- **PROBLEM STATEMENT**
First find the line with "1-колпак; 2обичайка, 3", then reproduce it and all following lines of the data to the end, exactly and with no pictures, adding nothing.

- **DATA EXTRACT**
__________________________________________________
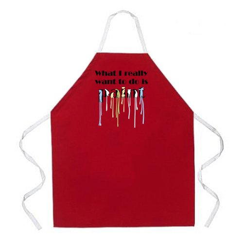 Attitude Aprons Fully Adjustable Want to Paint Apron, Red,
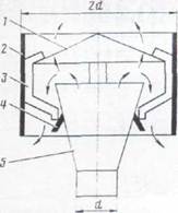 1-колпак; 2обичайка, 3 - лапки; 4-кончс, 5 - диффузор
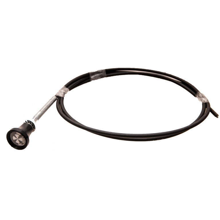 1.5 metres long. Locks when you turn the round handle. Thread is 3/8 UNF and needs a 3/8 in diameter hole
__________________________________________________
- **PROBLEM SOLUTION**
 1-колпак; 2обичайка, 3 - лапки; 4-кончс, 5 - диффузор
 1.5 metres long. Locks when you turn the round handle. Thread is 3/8 UNF and needs a 3/8 in diameter hole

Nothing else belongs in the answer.